» Task description: Copy the data that appears below exactly. Drop the pictures.

» Given data:
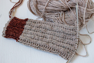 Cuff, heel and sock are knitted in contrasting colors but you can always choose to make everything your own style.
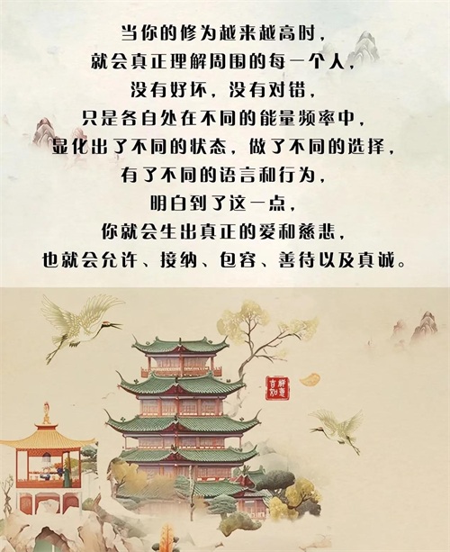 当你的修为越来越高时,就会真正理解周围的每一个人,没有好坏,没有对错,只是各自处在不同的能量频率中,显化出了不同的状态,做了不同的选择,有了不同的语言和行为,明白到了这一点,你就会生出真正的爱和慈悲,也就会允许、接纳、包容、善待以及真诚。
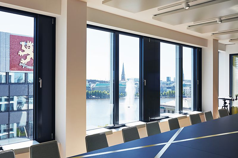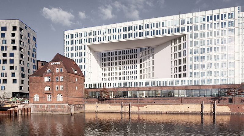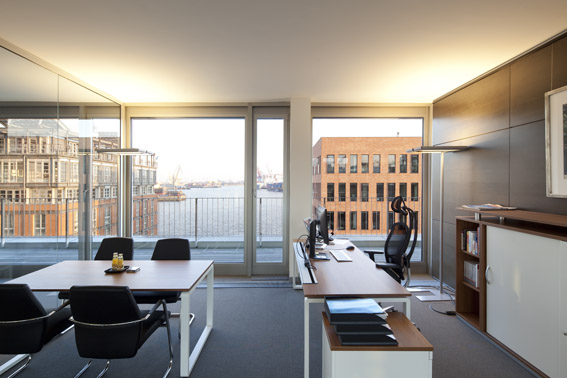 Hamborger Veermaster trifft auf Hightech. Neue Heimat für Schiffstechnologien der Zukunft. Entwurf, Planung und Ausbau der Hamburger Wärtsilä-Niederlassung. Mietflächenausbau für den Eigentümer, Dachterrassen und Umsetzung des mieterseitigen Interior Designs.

» Task output:
 Cuff, heel and sock are knitted in contrasting colors but you can always choose to make everything your own style.
 当你的修为越来越高时,就会真正理解周围的每一个人,没有好坏,没有对错,只是各自处在不同的能量频率中,显化出了不同的状态,做了不同的选择,有了不同的语言和行为,明白到了这一点,你就会生出真正的爱和慈悲,也就会允许、接纳、包容、善待以及真诚。
 Hamborger Veermaster trifft auf Hightech. Neue Heimat für Schiffstechnologien der Zukunft. Entwurf, Planung und Ausbau der Hamburger Wärtsilä-Niederlassung. Mietflächenausbau für den Eigentümer, Dachterrassen und Umsetzung des mieterseitigen Interior Designs.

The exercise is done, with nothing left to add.